Bayram öncesi; Dr. Örtgerden iki gün fazladan izin istemiştim. Bu iznin maaşımdan kesileceğini söylerken gözlerinden yeter artık ifadesini okuyordum. Ama ben sıkılmış, bunalmış bu yoğun iş temposuna dayanamıyordum. Biraz dinlenmeye ihtiyacım vardı. Zaten hamileliğimin daha başlangıç evresindeydim ve devam etmeyeceğinden korkuyordum.
Dr. Örtger’e alınmıştım. Yıllardır çalışıyordum, Hiçbir zaman fazla mesai için talepte bulunmamıştım. İşe erken gelir geç giderdim. Erken çıkmak istediğim de hep kızardı. Ama Örtgerdi ne zaman ne yapacağı belli olmazdı.
O bayram bayram olmadı. Önce Örtgere kızdım, yerime gelen elemanın parasını kendi kazandığım günlük paranın iki katı olarak verdim. Babamla kavga ettim ve İstanbul’a döndüm.
Cemo sessiz kaldı. Ben iki gün boyunca uyudum. Şimdi düşünüyorum da bazı olaylar karşısında gerçekten erdemli bir davranış olarak mı sessiz kaldı yoksa hiçbir şey bilmediğinden, yani nasıl davranacağını bilmediğinden mi sessizliği tercih ediyordu?Acaba?
Hamileydim, iş berbattı, bir daha da köye gitmeyecektim.
Tüm hamileliğim babamla yaşadığımız olayın stresiyle geçiyordu. Düşük tehlikesiyle birlikte artan düşünce bozukluklarım, geçmişin en karanlık hatıralarını önüme her gün sunuyordu.
Bir yandan artık işten ayrılacağım bebeğimle evimde kızımla beraber olacağım için mutlu olamıyordum. Bir daha asla çalışamayacak, eski işime asla dönemeyecek, maddi sıkıntı yaşayacaktık. Kiradaydık, elimizdeki birikimle ev alamayacak, hepsini harcayacak ve çocuklarımızı perperişan edecektik. onlara iyi bir gelecek sunamayacaktım. Ya Cemo işten ayrılırsa?

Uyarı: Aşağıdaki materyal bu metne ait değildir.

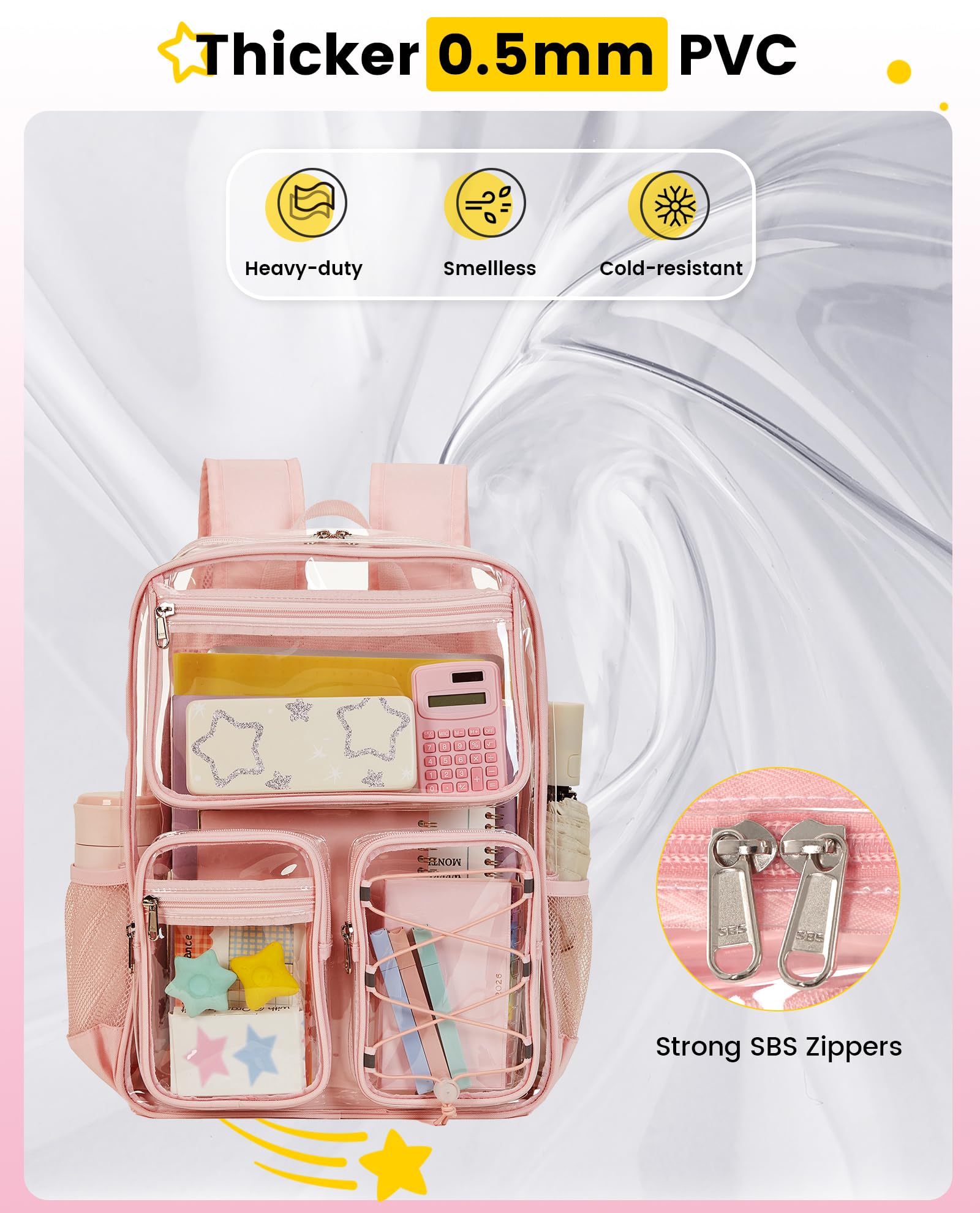 Quality Material & Reinforced Structure: Made of heavy-duty, 0.5mm-thick PVC and strong SBS zippers, these clear backpacks for school are water-resistant and built to last. Integrated support strips help the cute clear backpack maintain its shape and stand upright, even when lightly packed, making it easier to find your items quickly
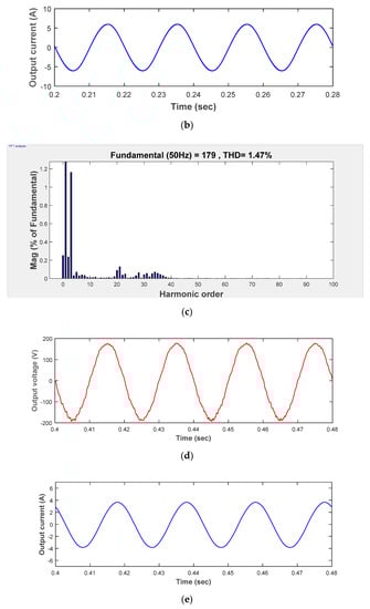 Input voltage at 100 V and load at 30 Ω for SEPIC-based ZSI: (a) load voltage, (b) load current, (c) Fast Fourier transform (FFT) analysis, (d) output voltage with inductive load, and (e) output current with inductive load.
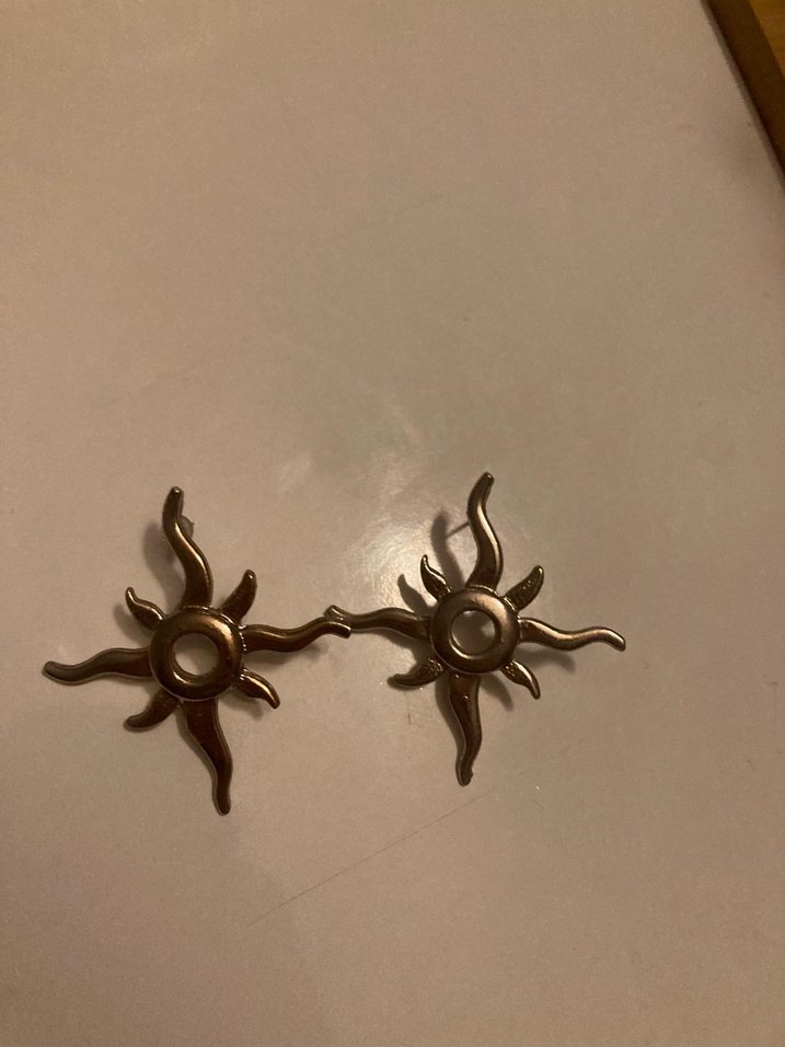 bi süre kullanıldı sağlam Parlak gümüş renkte, soyut güneş figürlü, tokalı kısa uzunlukta bohem tarzda minimalist küpeler.

Tüm özgüvenim bitmişti. Bunları düşünüyordum ama işten ayrılmaktan vazgeçmiyordum. Çünkü artık bunalmıştım. İnatçıydım.
Sabahları erkenden kızımı okula bırakıyor. Yürümüyor, kitap okumuyordum. Otobüse binip işe geliyor. Formalarımı giyip soyunma odasının sedyesinde mesai başlayana kadar uyuyordum.

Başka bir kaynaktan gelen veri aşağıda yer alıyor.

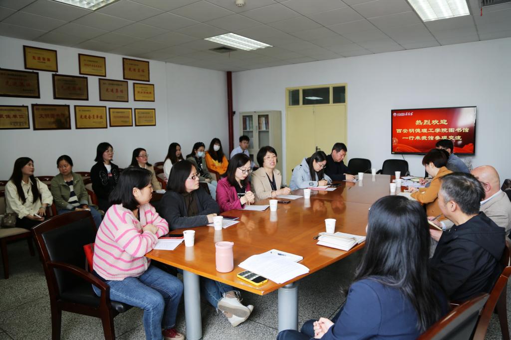 西安翻译学院图书馆馆长魏哲铭、副馆长侯永兴对大家的到来表示热烈欢迎,并组织两校图书馆馆员开展座谈交流。座谈会上,魏哲铭馆长首先从馆舍面积、资源建设、读者服务、智慧化建设等四个方面对西安翻译学院图书馆进行了简要介绍。然后,双方馆员就图书馆管理系统、特色资源建设、阅读推广、读者服务及文化育人等工作进行了对口交流与探讨。
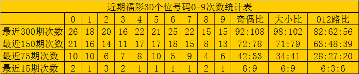 最近15期奖号由冷到热表现为:3→0次,0、1、2、6、8→1次,4、7→2次,5、9→3次,奖号奇偶比为9:6,大小比为10:5,012路比为5:5:5。
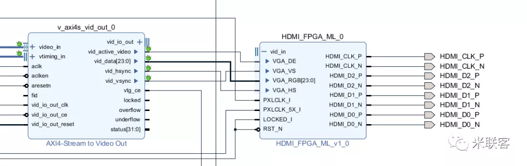 HDMI接口:对于HDMI接口的LCD屏,Video Out IP后面接HDMI_FPGA_ML IP,将RGB信号转换为HDMI信号输出。

Berbat bir anne, eş ve çalışandım. Sanki tüm dünya benim üstüme geliyordu.  İşimi zorlaştıran hastalara çabuk öfkeleniyordum.zaten hep zorlaştırıyorlardı fakat ben bunu öfke yoluyla çözmediğimi öğrenmiş olmama rağmen unutmuş gibiydim. Hala parasını bir organı olarak gören, göbek yağlarını kasları sanan, kelliğini bir türlü kabullenmeyen erkekrimsi tiplerin; ağalık tavırlarına taviz vermiyordum. Bu tşipleri hiç unutmadım.
Bunları yazarken; kabullenmediğim ne çok şey olduğunu fark ettim. siz ne kadar kabullenmemenizde; hayat elinizdekilerdi. Elime alabileceklerimi görmeye çalışmaktan ya da elimden düşenleri bulmaya çalışmaktan elimdekileri göremiyordum.
22 haftalık hamileyken işten ayrılacağımı yöneticilerime söyledim. Bence onlarda bunu tahmin ediyorlardı ama işi sürece bırakmayı tercih etmişlerdi. Ya da her zamanki gibi sorun onlara daha büyük sorun haline gelmeden görmezlikten gelmeyi tercih etmişlerdi.
İlk birkaç gün kimse bir şey demedi. Örtger’in hicivli kelimeleri dışında hiçbir şey yoktu.zaman geçiyor kimse bir adım atmıyordu.Eleman aramıyorlardı.Halimden memnundum.Zaten psikolojim yerime eleman yetiştirecek halde değildi.
Bir gün; çalışmaya devam etmemi istediklerini, bu yüzden daha az çalışacağım ama daha çok kazanacağım bir iş teklifi sundular. Hayır dedim. yeni çalışma koşullarıyla birkaç teklifle ve Örtger’in onore edici konuşmalarıyla zaten devam etmekte olan düşünce bozukluklarımı daha kötü hale getirmişlerdi.
Kararımdan her seferinde vazgeçmedim. Çünkü ben inatçıydım ve yıllarca bebeğimi bırakıp çalışmanın acısını yaşamıştım. Bu kez  bebeğimle olacaktım.
Onlara; ‘Kapınız açık olsun her zaman dönebileyim ama artık çalışmak istemiyorum.’ dedim.